Our current understanding of how LecRKs function in plant defense is in its infancy, with many questions unanswered. Because LecRKs are largely diverse, they might recognize a variety of invasion patterns. Can the thus far detected immunogenic ligands be extrapolated to other LecRKs? Are there ligands that are specific for the lineage-specific LecRKs? Are other Arabidopsis LecRKs, besides LecRK-I.9, sensing eATP and RGD? And what is the eATP receptor in plants that lack clade I LecRKs? The fact that LecRK-I.9 binds both RGD and eATP brings into question how these 2 processes are regulated. In this respect, it is of note that the mammalian eATP receptor P2Y2 functions through interaction via its RGD motif with integrins that mediate cell integrity [38]. What type of components interact with the kinase domain of LecRKs? It remains elusive which components reside within LecRK signaling complexes.
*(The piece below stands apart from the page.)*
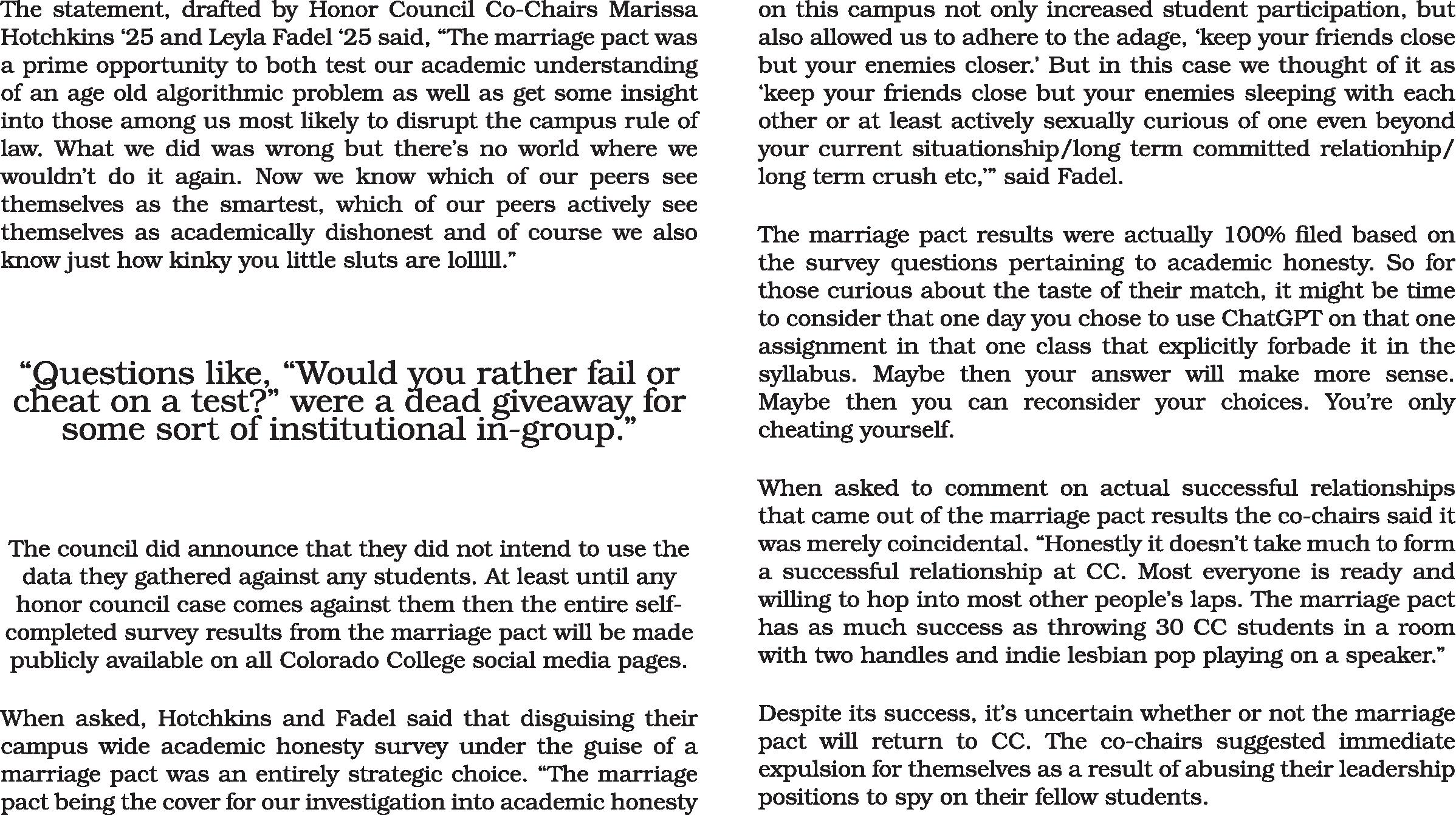 It was only with the genius of the investigative minds at The Disincentive that we are able to finally shed light onto the mysterious organizers of this endlessly popular pact. At Colorado College the marriage pact was organized by none other than the Colorado College Honor Council.

What is the role, if any, of common signaling partners, such as BAK1 and BIK1, and what is phosphorylated by LecRKs? It is also important to understand how microbial pathogens deal with LecRK-mediated immunity. Can pathogens compete via effectors for ligand binding to interfere with LecRK-mediated defense, or do they employ effectors that target LecRKs for degradation to promote host colonization? It is envisioned that integration of genetic, biochemical, and phylogenomics approaches will allow us to answer the abovementioned questions and support future resistance breeding.


We thank Francine Govers for constructive input on the manuscript and helpful suggestions, and we apologize to colleagues whose studies were not cited due to manuscript restrictions.